Tall Paul wrote:I agree that's a reasonable argument.
I asked this earlier, how much force does a push need to be in order to be a foul? The laws just say a push is a foul, nothing about whether the push is enough to make the player fall over.
I think it's a foul by the letter of the law, but they're very rarely given.
Remember that the laws don't say that a push has to be with the hands. So basically every time two players touch, there is a foul (unless it's shoulder to shoulder within playing distance of the ball, the one aspect of touching that is specifically allowed). So if two players attack the same ball, they are both fouling each other and a drop ball should be awarded; if one of them is moving fractionally away at the moment of touching, then it is a free kick or a penalty. That is the definition of a foul in the way you are heading - the merest touch by definition has force behind it, so the merest touch becomes a foul. In this case, Ramsay backed into Tarkowski and Tarkowski came forward into Ramsay - simultaneous fouls by both players, drop ball.

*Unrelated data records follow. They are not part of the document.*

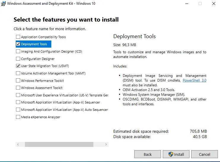 Bu araçlar arasından, kurulum için özellikle “Deployment Tools” ve “User State Migration Tool (USMT)” bileşenlerini seçiyoruz. Seçimimizi yaptıktan sonra ‘Install’ butonuna tıklayarak kurulum sürecini başlatıyoruz.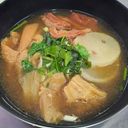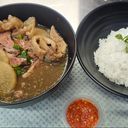 with beef briskets, beef tripes, beef tendons and white radish (lobak putih).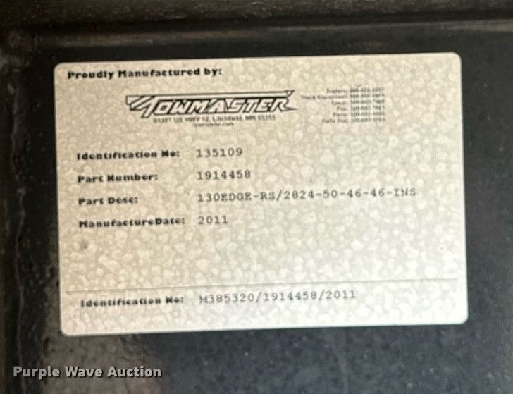 2000 Sterling L9511 dump truck. Miles: 113,204 on odometer, Hours: 9,346 on meter, VIN: 2FZNNECB7YAF34894, Unit #: 1200. Engine Caterpillar C10, Displacement: 10.3L, Cylinders: 6, Fuel type: Diesel. Transmission Allison, Automatic. Chassis Axles: Tandem, Differential lock: Inter-axle, Suspension: Spring over walking beam, Brakes: Air, PTO, GVWR: 58,000 lbs. Interior AC, Heat, Heated mirrors, Power windows, Cruise control, Brake controller. Features Dump bed Towmaster Edge RS, 13' L x 8' W, Side height: 43", Bed type: Aluminum, Bed vibrator, Ram: Dual, End gate: Air operated, Plow Falls, Width: 144", Wing plow Falls, Width: 120", Mid-mount plow Width: 132". Tires Front: 315/80R22.5, Rear: 11R22.5. Minnesota title. Title distribution may be delayed up to 14 days from verification of funds. City of Blaine. Blaine, MN 55449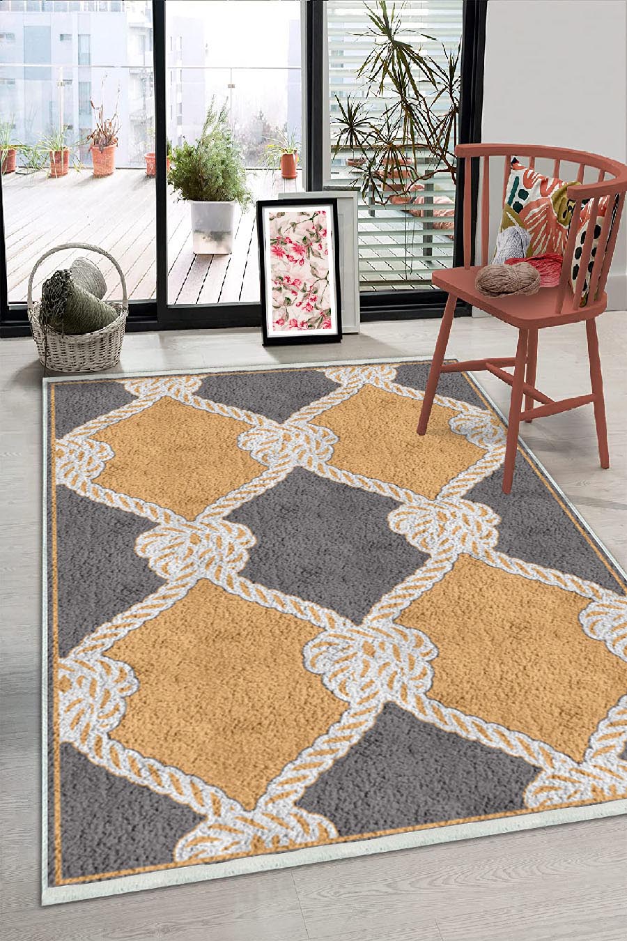 - Es ist ein digital bedruckter dekorativer Teppich.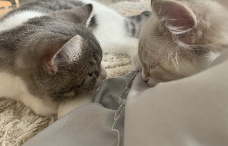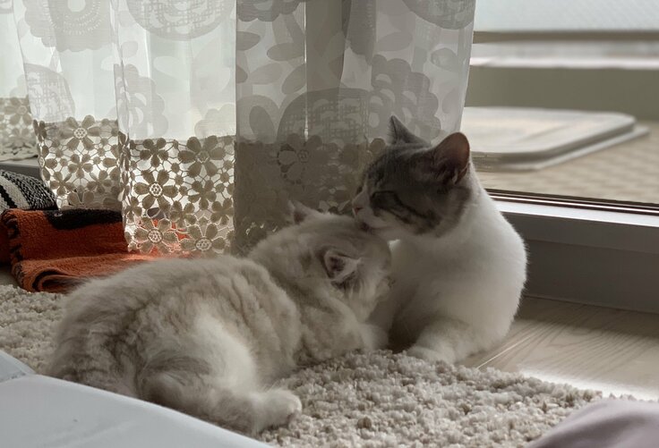 わたが家に来てから約2か月ほどですが、家に来てから3週間経った頃、わたはリビングの机からうまく着地できずに左足を骨折し、動き回って骨がずれるのを防ぐために、1か月ほどケージで生活をさせる必要がありました。そして今はFIPを発症してしまい、他の猫への感染の恐れがあるということで、同居猫のモナとは隔離し、寝室で生活してもらっています。骨折が完治したと診断されてから、FIPの疑いがあると診断されたのはわずか3日後のことです。うちに来てから不幸続きでわたに不自由で苦しい思いばかりさせ、骨折のストレスが原因でFIPを発症したのかと思うと、自分の不注意でこんな状況を招いてしまって、あの時もっと注意を払っておけばよかったと、後悔しかありません。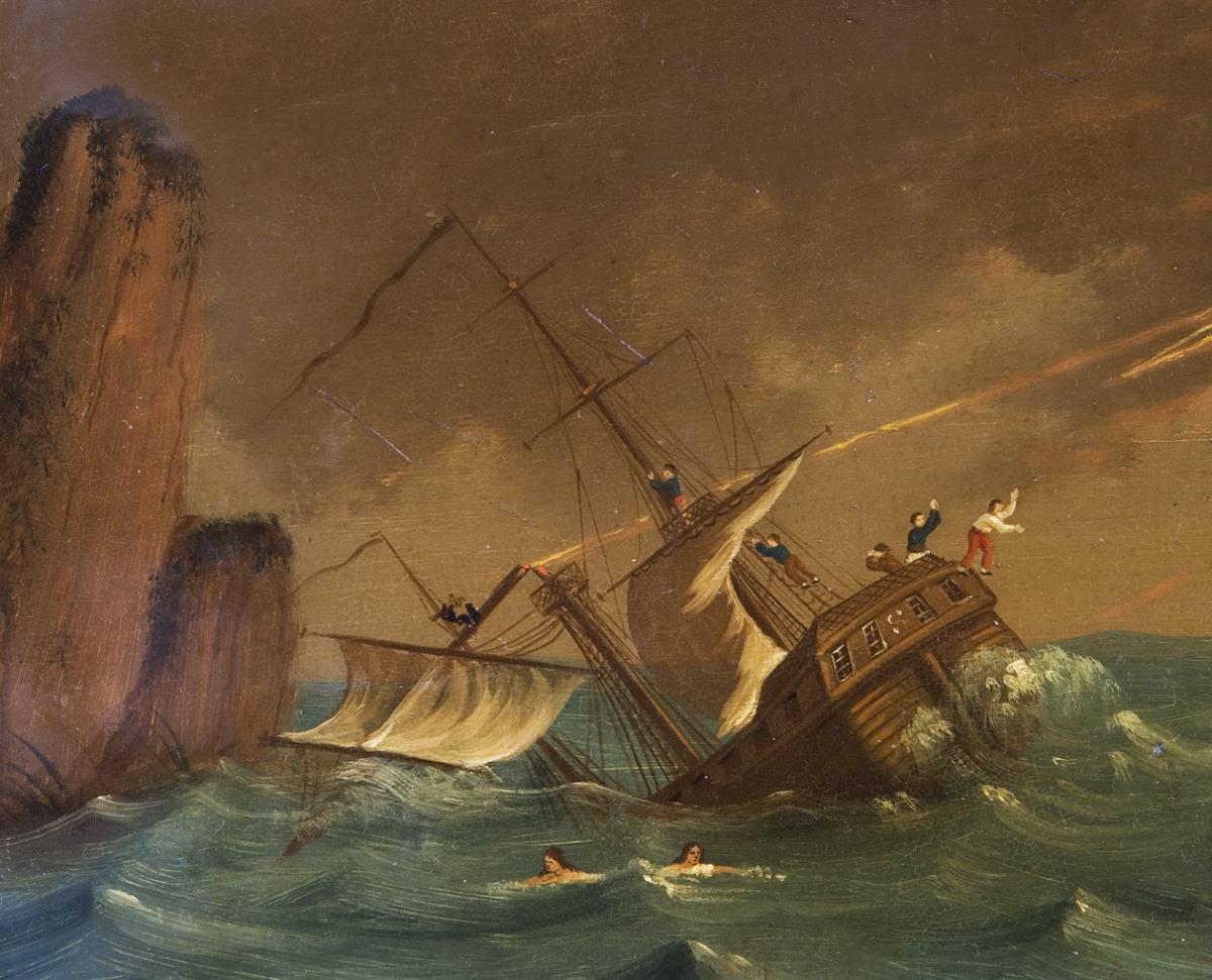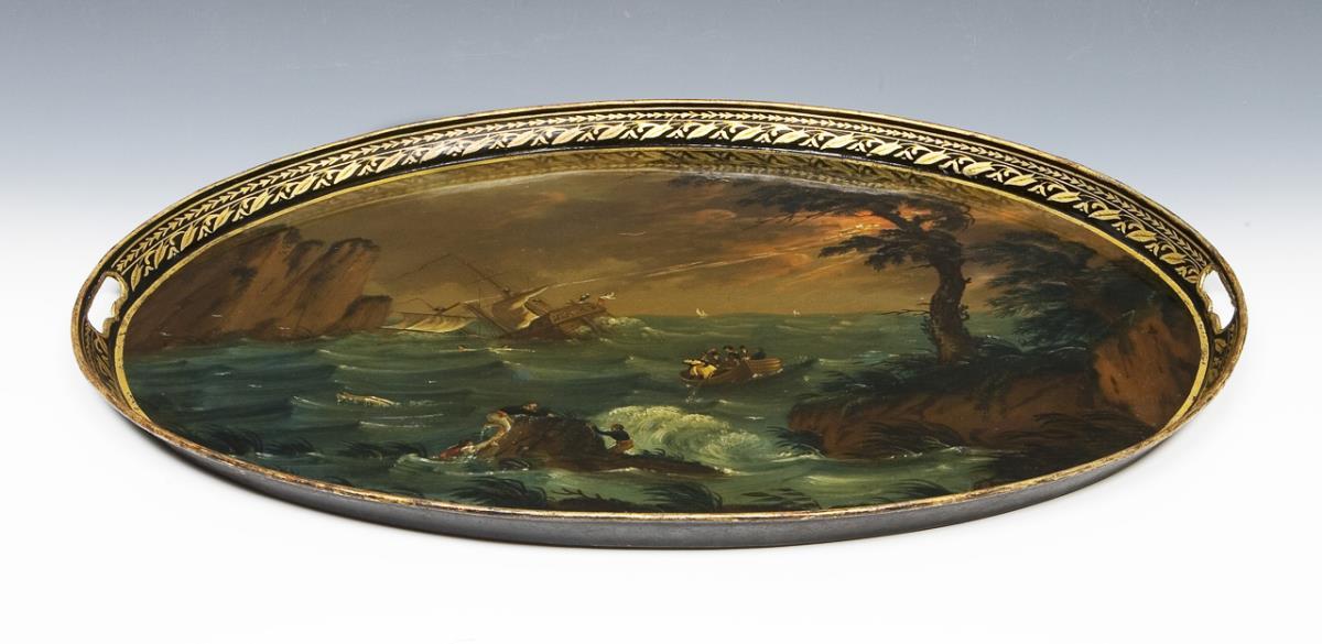 Braunschweig or Berlin, attributed to the Stobwasser manufactory. Large color painting "Schiffbruch vor felsiger Küste" in the mirror, floral gold border on the flag. Oval shape with recessed handles on the sides.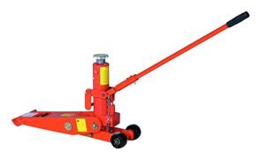 Hydraulisk kraftig domkraft med tvåpositionslyftklack. Domkraften är försedd med hjul för enkla och snabba transporter.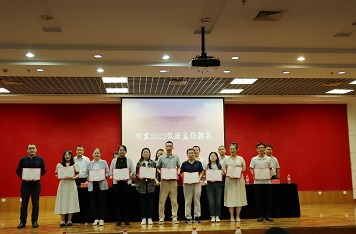为每位即将接过重任的班主任老师颁发聘书,班主任踏上舞台,接过聘书,也接过了一份使命,将尽职尽责地担任班主任的责任,关心爱护每一位学生,并协助他们度过大学生涯中的每一个难关。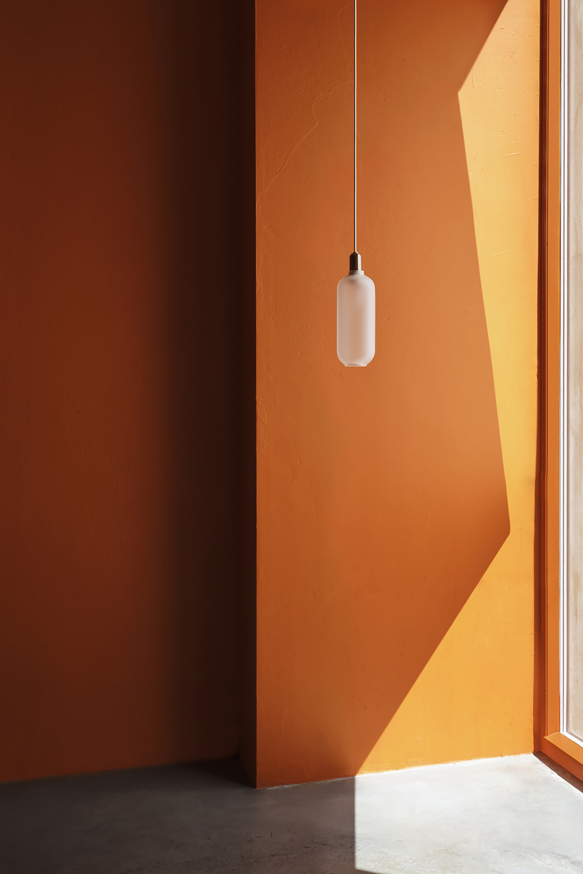丹麥設計師 Simon Legald 設計的 Amp 燈飾系列,包括一個桌燈以及兩盞吊燈。高質感的玻璃燈罩與大理石燈頭,結合出一種既輕巧卻又沉甸甸的視覺反差,讓 Amp 兼具懷舊與當代的韻味。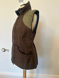 The prototype for our current ladies shooting gilet - this gilet is made with a tweed that has now been discontinued so is completely unique.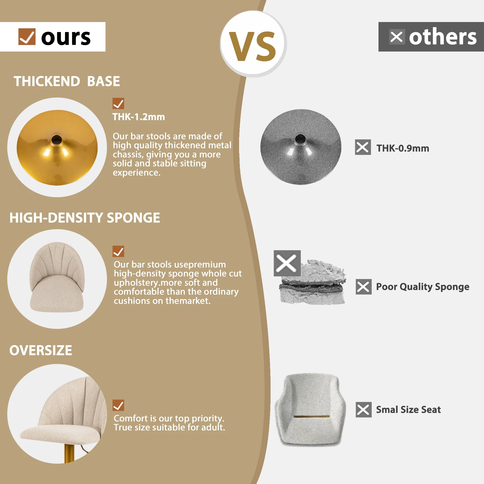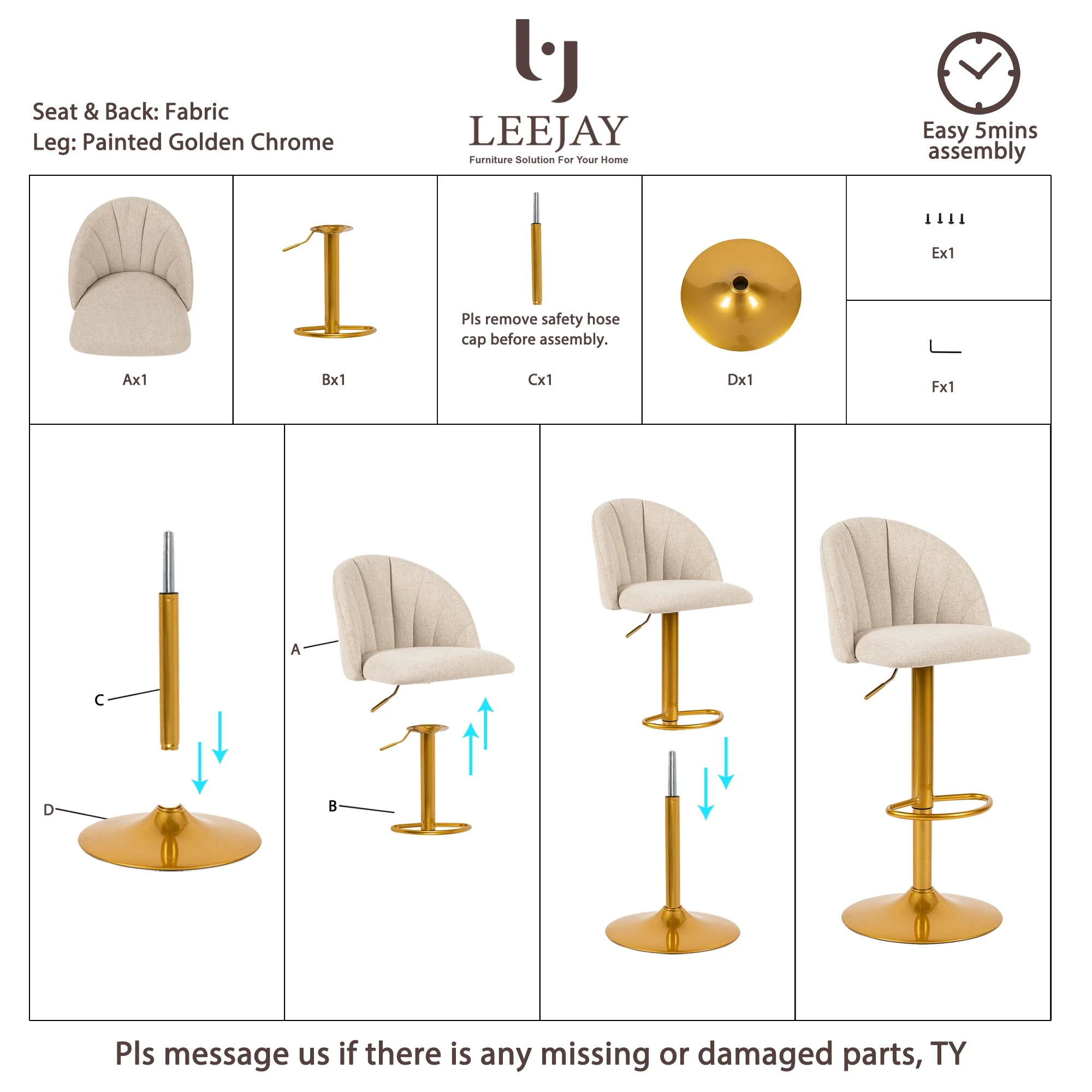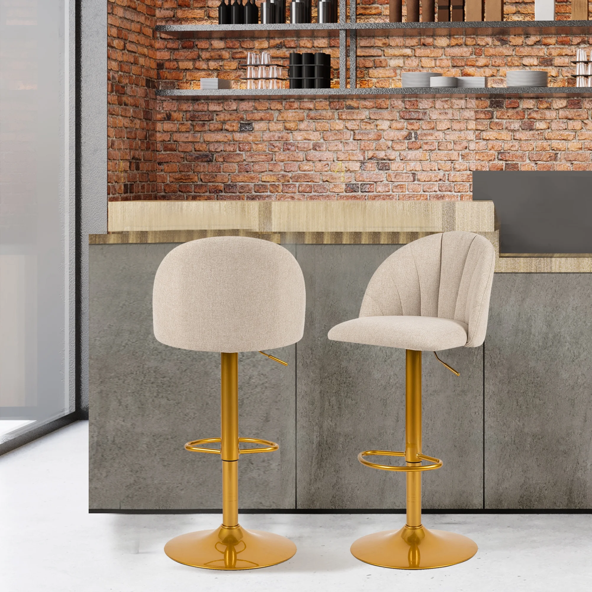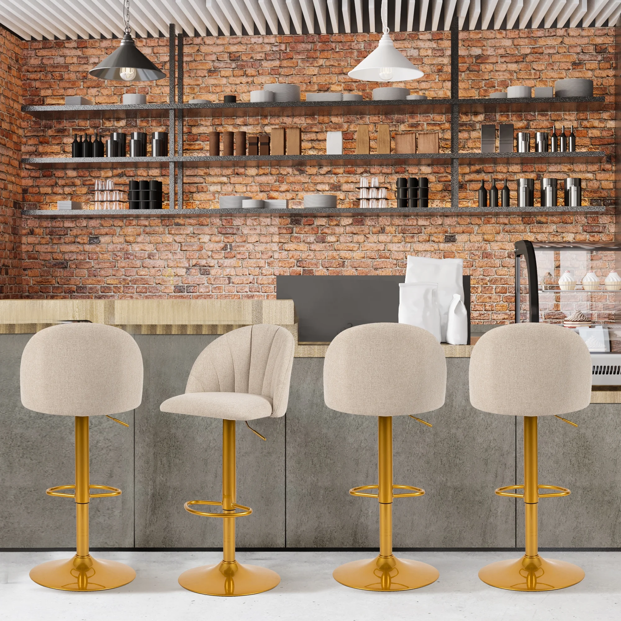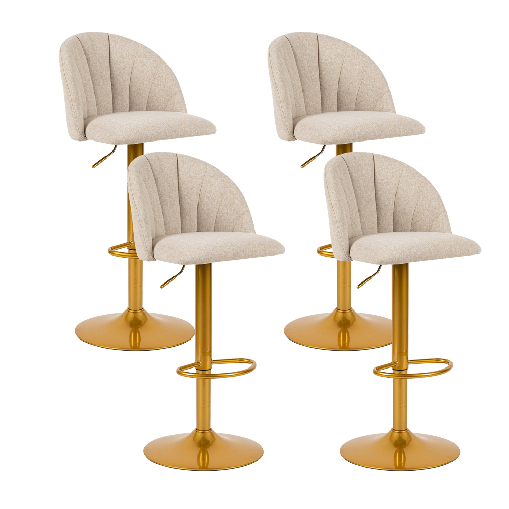 LEEJAY Linen Swivel Counter Height Bar Stools Set of 4,Adjustable Kitchen Island Stool with Gold Base,Beige

Even if you restrict pushes to pushes with the hands, it is very hard for a defender to avoid touching a man who is backing into him. Obviously he can jump for the ball with his hands behind his back, but you lose a lot of leverage that way which gives the forward a big advantage. Certainly applying your rules, you will have to accept that most contested headers will result in a free kick or penalty (or drop ball).
Getting away from this reductio ad absurdem, it's pretty clear that if Burnley players and Arsenal players had spent the entire match backing into someone and throwing themselves forward, we wouldn't have had a 5-5 draw all on penalties. The ref wouldn't give them all. But this one, he chose to give. Why, I don't know. Presumably he didn't feel the same pressure on him if he'd given another nine - or even three or four - earlier in the game. Presumably he saw Ramsay's Great Leap Forward, saw that Tarkowski's hands had been on Ramsay's back, and could not conceive of any reason for Ramsay to fall like that except that he had been pushed with great force. Or perhaps he was like you and thought that's a push, only a couple of inches and not enough to make any difference, and there must have been dozens of similar pushes all over the field that I didn't see, but I've seen that one so I'll give it.
If a push with that amount of force is a penalty, then the game is a lottery, and a lottery that will be won by the cheats. The FA want to take action and explain that very very slight contact does not make a foul - no, not even if the player springs forward as if out of a cannon.